Я медленно сел на хлипкий стул возле тумбочки.
— Поговори со мной, Малыш.
— Господи, в три часа…
— Утра, вот именно. Отвратительнейшее время суток. Закат далеко позади, до восхода десять тысяч миль. В такую пору человек нуждается в друзьях. Дружище Малыш, поговори со мной, спроси меня о чем-нибудь.
— О чем вас спросить?
— По-моему, ты знаешь.
Я подумал, вздохнул.
— Ну ладно. Кто вы?
Минуту он очень тихо лежал на своей кровати, потом незримым длинным кончиком носа нащупал на потолке нужные слова и сказал:
— Я человек, который не дорос до своей мечты.
— Что это значит?
— Это значит, Дуг, что я, когда был молод, кроил себе платье не по плечу. Я так и не дорос до лучшего костюма, который висел в моем чулане. Я не стал тем, кем хотел стать.
Теперь я тоже был спокоен и сказал:
— А кем вы мечтали стать?
— Писателем.
— Вы пробовали? — спросил я.
— Пробовал?! — воскликнул он и едва не разразился неуместным диким смехом. — Пробовал… — Он взял себя в руки. — Пресвятая богородица, сын мой, да ты бы видел, сколько было потрачено чернил и пота! Я израсходовал тонны чернил, исписал гору бумаги, разбил вдребезги шесть дюжин пишущих машин, изгрыз и сточил десять тысяч мягких карандашей «Тикондерога».
— Ух ты!
— Вот именно: «Ух ты!»
— А что вы писали?
— Чего я не писал! Поэмы. Эссе. Трагедии. Фарсы. Рассказы. Романы. Тысяча слов в день, ежедневно, тридцать лет подряд — не было дня, чтобы я не писал и не насиловал бумагу. Миллионы слов переходили с кончика моего пера на бумагу, а с бумаги в пузатую печку.
— Вы все сжигали!
— А что оставалось делать, Дуг? Оклеивать стены? Латать кальсоны?
— Этого не могло быть!
— Не могло, да было. Не «так себе», не «ничего, сойдет». А попросту кошке под хвост. Друзья знали это, редакторы знали это, учителя знали это, издатели знали это; и в один необычный прекрасный день, около четырех часов дня, когда мне исполнилось пятьдесят, даже я увидел это.

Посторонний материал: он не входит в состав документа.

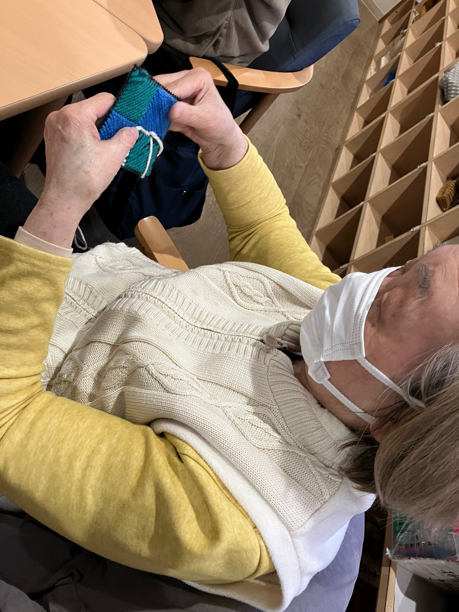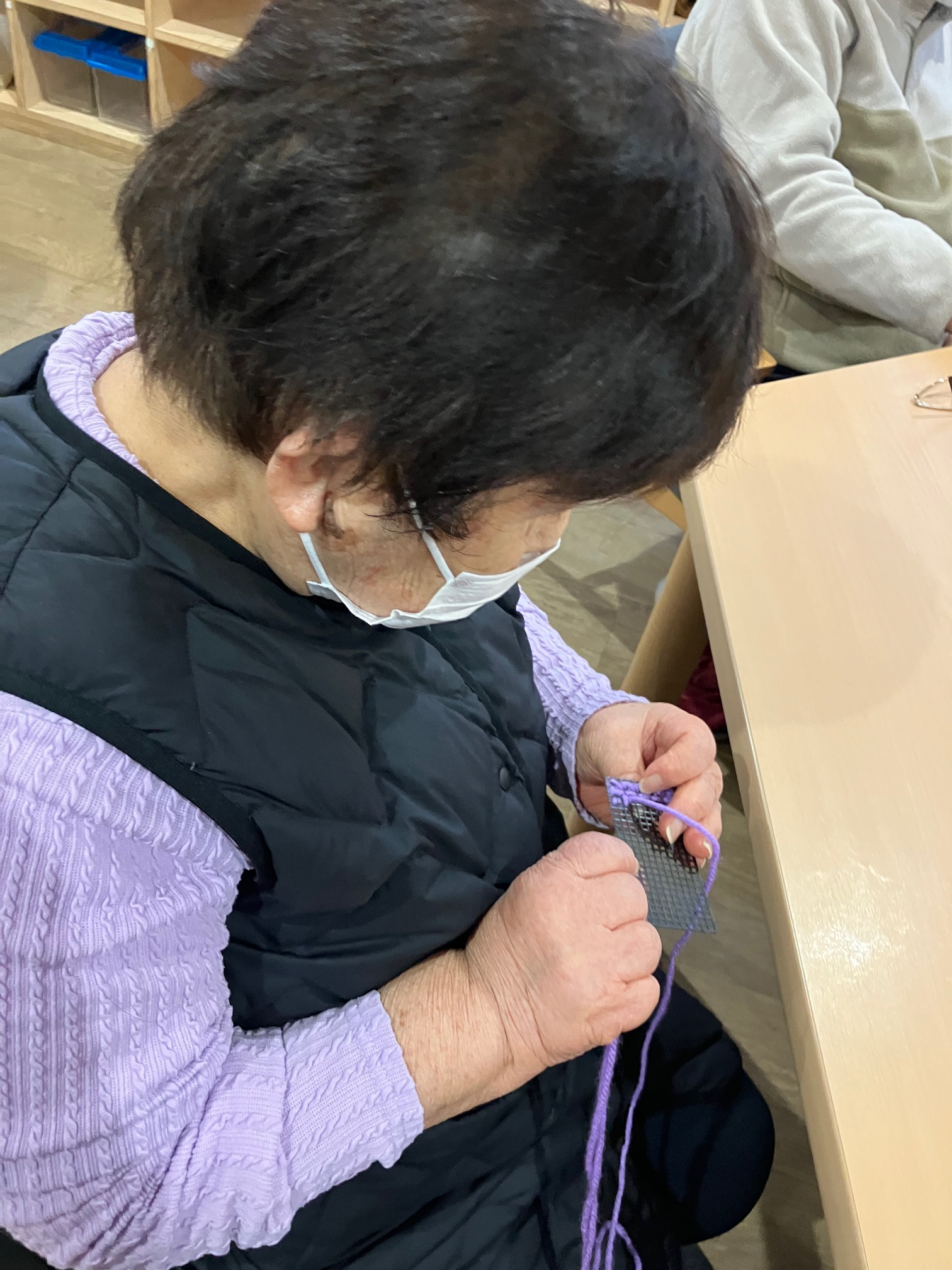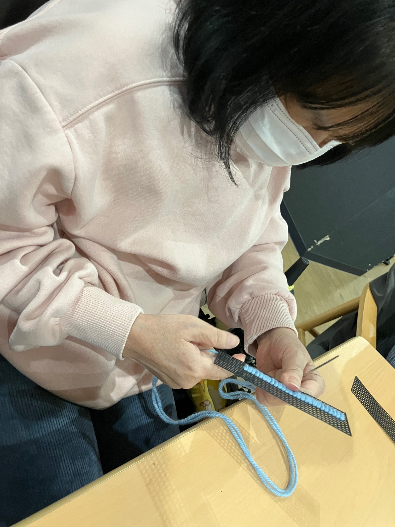 お花柄のように編み込んでいきます。編み目が小さいので結構難しい・・・

— Но нельзя писать тридцать лет и не…
— Достичь совершенства? Нащупать струну? Смотри пристально, Дуг, смотри долго — ты видишь человека с необычным талантом, поразительным даром, единственного в веках человека, который вывел на бумаге пять миллионов слов, не создав ни одного способного встать на свои хрупкие ноги и воскликнуть: «Эврика! Сделано!»

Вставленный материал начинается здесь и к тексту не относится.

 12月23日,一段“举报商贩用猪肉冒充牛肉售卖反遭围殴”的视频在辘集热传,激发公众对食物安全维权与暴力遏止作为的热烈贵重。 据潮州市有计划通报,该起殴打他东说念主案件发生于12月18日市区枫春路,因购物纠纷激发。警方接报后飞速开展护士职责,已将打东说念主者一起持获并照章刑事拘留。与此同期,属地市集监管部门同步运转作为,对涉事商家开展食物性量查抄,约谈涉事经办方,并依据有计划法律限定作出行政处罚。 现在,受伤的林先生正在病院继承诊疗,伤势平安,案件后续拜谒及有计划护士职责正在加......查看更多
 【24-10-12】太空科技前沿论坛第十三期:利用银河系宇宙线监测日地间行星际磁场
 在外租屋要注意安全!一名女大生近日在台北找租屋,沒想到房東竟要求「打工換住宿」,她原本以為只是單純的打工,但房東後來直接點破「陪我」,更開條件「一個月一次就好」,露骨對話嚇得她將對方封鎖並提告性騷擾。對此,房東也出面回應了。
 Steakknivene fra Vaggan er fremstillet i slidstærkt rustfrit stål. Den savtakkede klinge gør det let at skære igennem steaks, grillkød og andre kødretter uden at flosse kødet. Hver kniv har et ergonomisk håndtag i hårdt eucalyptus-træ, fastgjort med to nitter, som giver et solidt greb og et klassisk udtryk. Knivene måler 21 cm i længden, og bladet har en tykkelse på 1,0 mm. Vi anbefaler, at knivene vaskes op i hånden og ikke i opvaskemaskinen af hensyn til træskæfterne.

— Вы не напечатали ни одного рассказа?
— Даже шутки в две строки. Даже паршивого газетного стишка. Даже объявления: «Ищу…» Удивительно, правда? Быть до того необычайно скучным, до того бесповоротно бездарным, что от твоих слов ни смешка, ни слезинки, ни возмущения, ни гнева. Поистине искренне ваш — редкий экземпляр. Я воздвиг памятник ничтожеству на зыбучих песках. И знаешь, что я сделал в тот день, когда открыл, что из меня никогда не выйдет писатель? Я убил себя самого.
— Убили?
— Во всяком случае, писаку, который жил во мне. Взял все с собой в долгое железнодорожное путешествие, сел на открытой площадке последнего вагона для курящих, и полетели мои рукописи, как испуганные птицы. Я рассыпал роман по Небраске, мои поэмы в духе Гомера раскидал по Северной Дакоте, любовными сонетами усеял Южную Дакоту. Я оставил свои эссе в комнате для мужчин гостиницы «Гарвей» в Клир-Спрингс, штат Айдахо. Поля и нивы знают мою прозу. Великолепное удобрение; наверно, после меня там пошли небывалые урожаи кукурузы. В этом долгом летнем путешествии я вез с собой два чемодана моей собственной души и воздавал должное своему никудышному "я". Когда я достиг далекой конечной станции, чемоданы были пусты; было много выпито, мало съедено, пролита толика слез в уединенных номерах, зато я отдал все якоря, весь мертвый груз, все мечты. Ход замедлился, вышел пар, и я, благодарение всевышнему, закончил свое путешествие с миром и уверенностью в душе. Будто я снова родился на свет. Я прошел по земле и засорил ее бумагой, задал мусорщикам с острыми палками работы до второго пришествия, но я сказал себе: «Постой, в чем дело, что произошло? Я… я новый человек».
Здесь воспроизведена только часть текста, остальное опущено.